Si l’hébergement est le principal sujet évoqué ici, il ne faut pas non plus négliger le choix des solutions logicielles mis à disposition des salariés dans leur vie de tous les jours. Ici, il ne s’agit pas d’un problème de softs disponibles sur le marché. Il s’agit plutôt d’un problème de culture de l’informatique. Pourquoi ne travailler que sur des OS propriétaires verrouillés ? Pourquoi acheter des suites bureautiques bourrées d’options quand on peut opter pour des alternatives transparentes et mieux taillées pour des utilisateurs non-experts ? Tout simplement parce que nous sommes acculturés depuis l’enfance à Microsoft et Google.

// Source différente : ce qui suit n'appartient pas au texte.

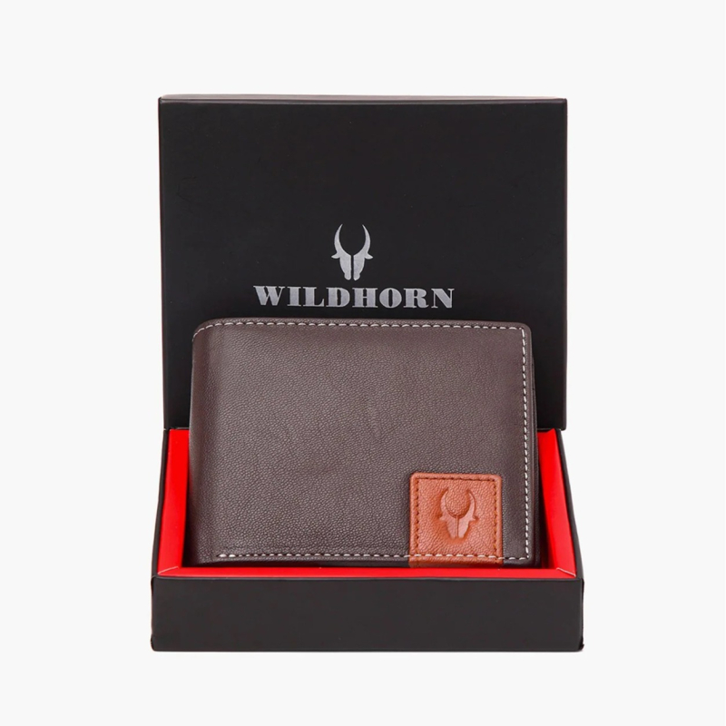 Men Brown Solid RFID Protected Leather Two Fold Wallet
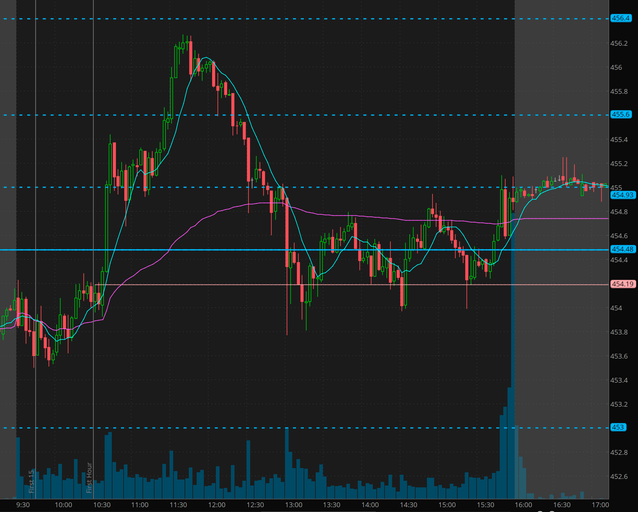 Ok, so SPY is seriously gapping up. I can’t chase it long. If we get a back test on 456, I will go long, we break 454/453, I will use that as my signal to load up short. Until then at the moment, market is in full blown BTFD mode.
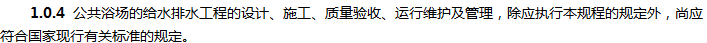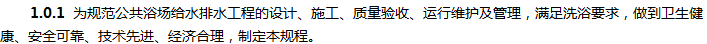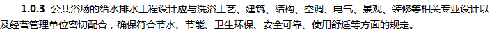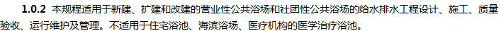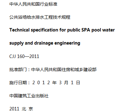 本规程的主要技术内容是:1.总则;2.术语和符号;3.洗浴水质、水温;4.浴池给水系统;5.淋浴设计;6.浴池设计;7.浴池水消毒与水质平衡;8.洗浴水加热;9.设备和管材;10.废水及余热利用;11.设备机房:12.施工及质量验收;13.运行与管理;相关附录
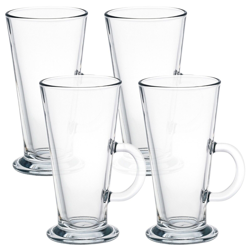 Set of 4 Modern Tall Latte Glasses 260ml Tea Irish Coffee Clear Glass Mugs Cups
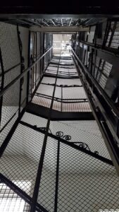 The one issue we anticipated was the mesh shaft surround and lattice gates of the car and landings.
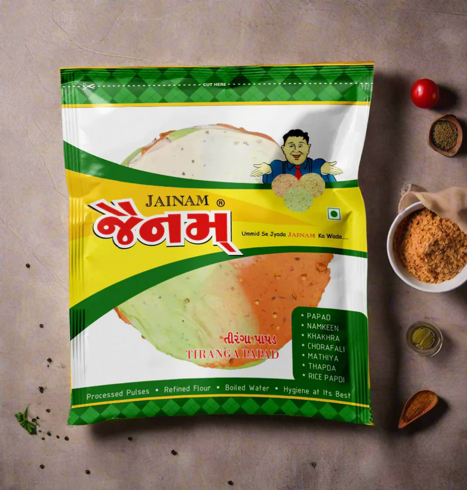 Celebrate flavor and patriotism with Jainam Tiranga Papad โ€“ a delicious, crispy snack.
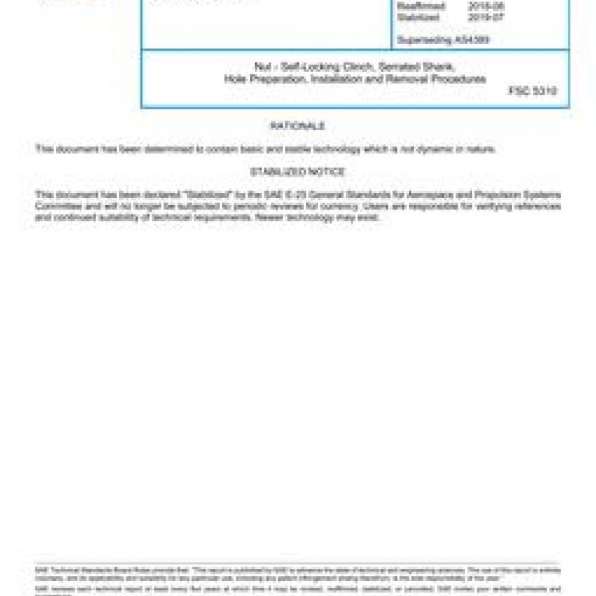 This SAE Aerospace Standard (AS) provides minimum design, hole preparation, installation and removal requirements for AS3272, AS3273, MA3274, and MA3275 serrated shank self-locking clinch nuts. This standard is applicable when specified on engineering drawings or in procurement documents.
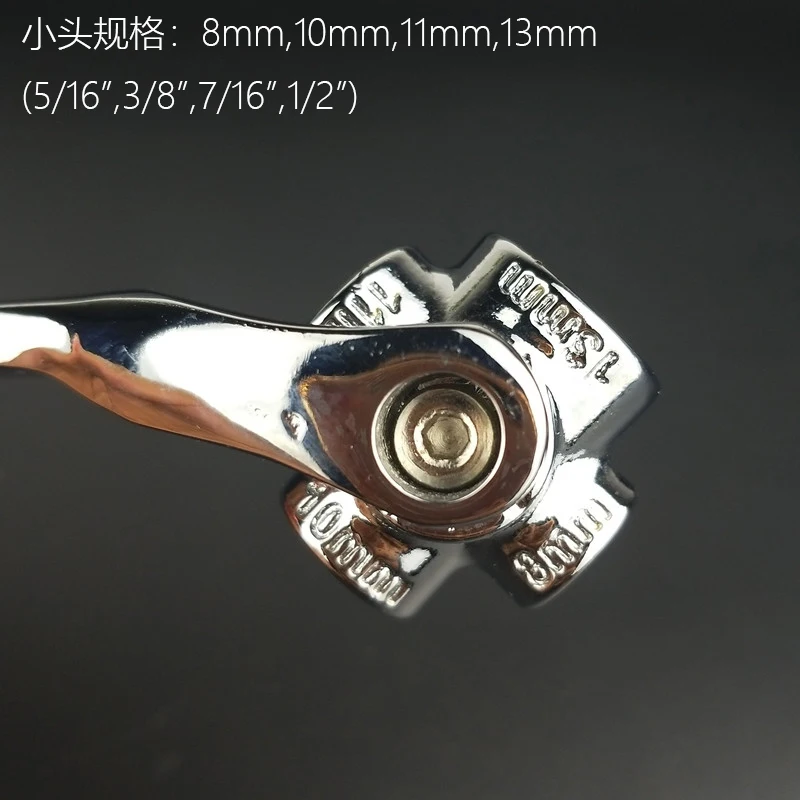 • Socket Wrenches Compact Work With Spline Bolts, 6 Point ,12point,Torx,Square Damaged Blots And Any Size Standard Or Metric, 8mm(5/16''),10mm (3/8"),11mm (7/16"),13mm (1/2''),It Shows On The Wrench With Numeric Etchings To Show The Corresponding Sizes.
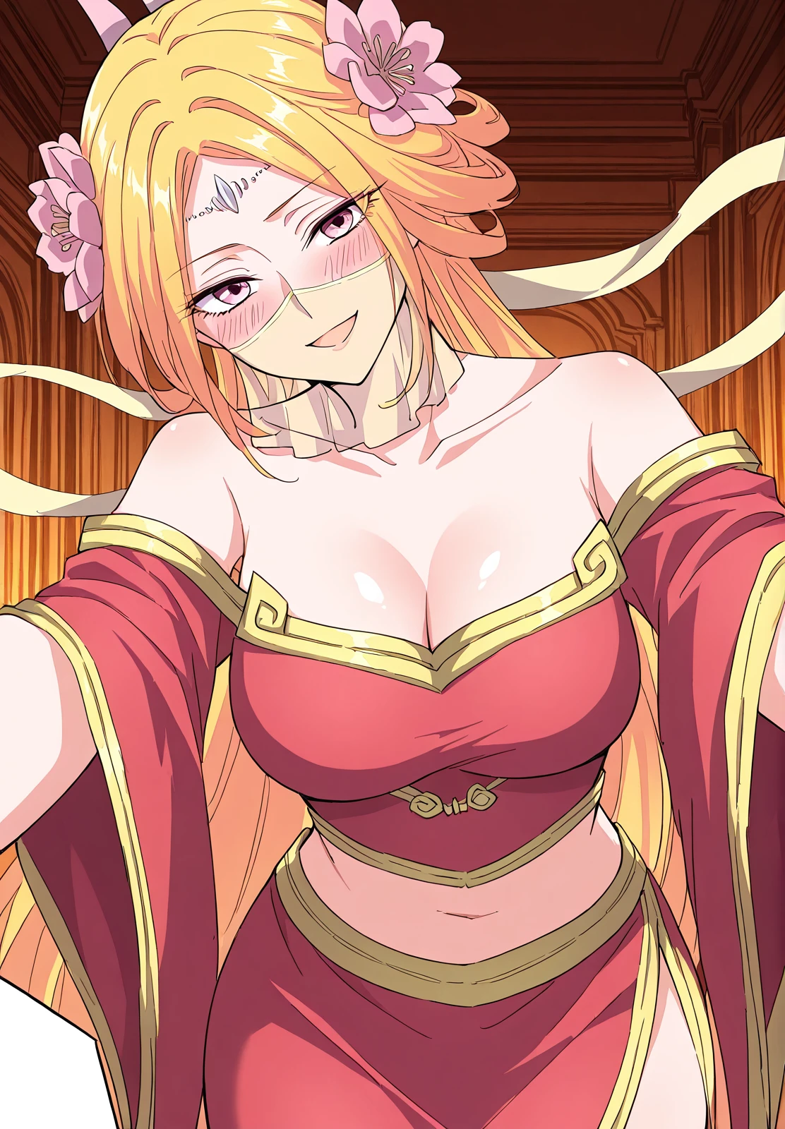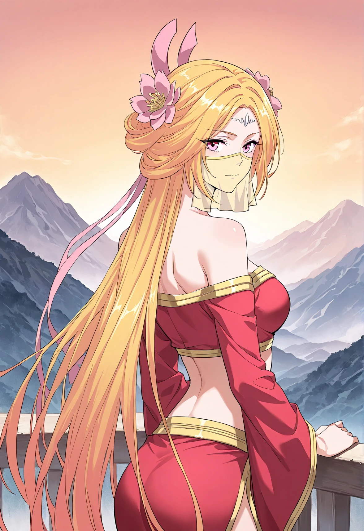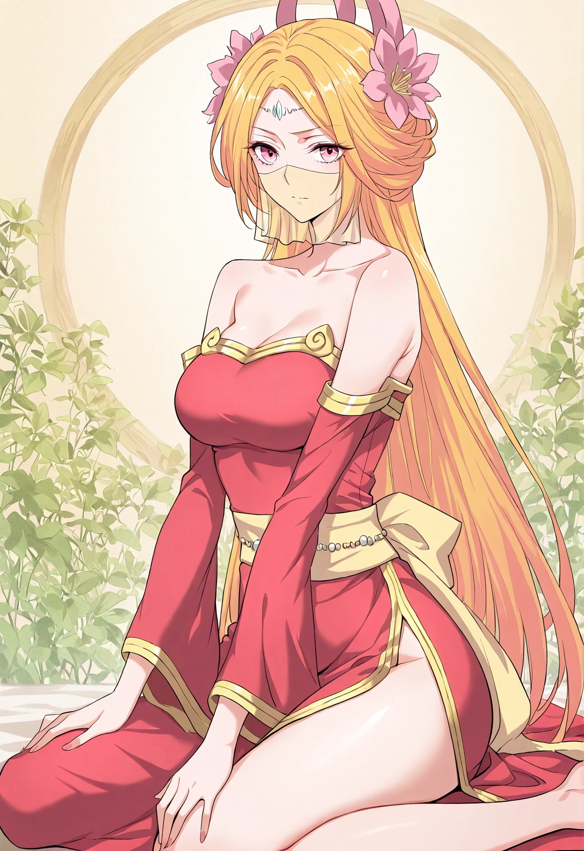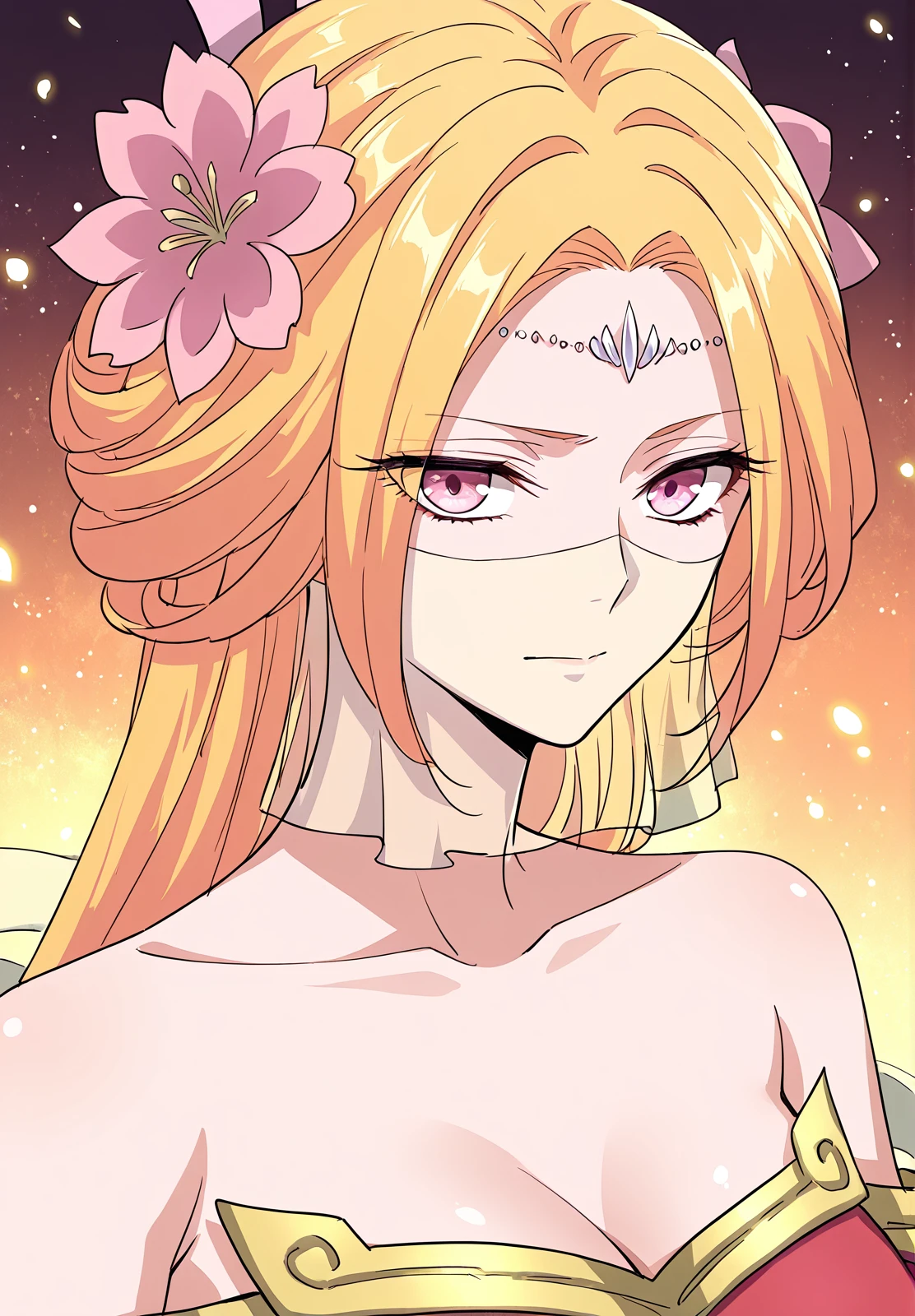 1 girl, solo, long blonde hair, orange-pink gradient hair, straight hair, twin horn-like accessories, flower hair ornaments, forehead jewel, pink eyes, face veil,

Quelques collectivités et ministères ont déjà fait le choix de l’utilisation de logiciels libres ayant saisi tout l’enjeu, notamment financier, de ce critère. De nombreuses sociétés françaises, à l’image de FactorFX, éditent, intègrent et maintiennent ces solutions. Celles-ci ont aujourd’hui besoin d’un appui fort de l’État pour se faire connaitre et surtout convaincre les utilisateurs de l’intérêt d’oublier son stockage Google Drive et sa boîte Outlook.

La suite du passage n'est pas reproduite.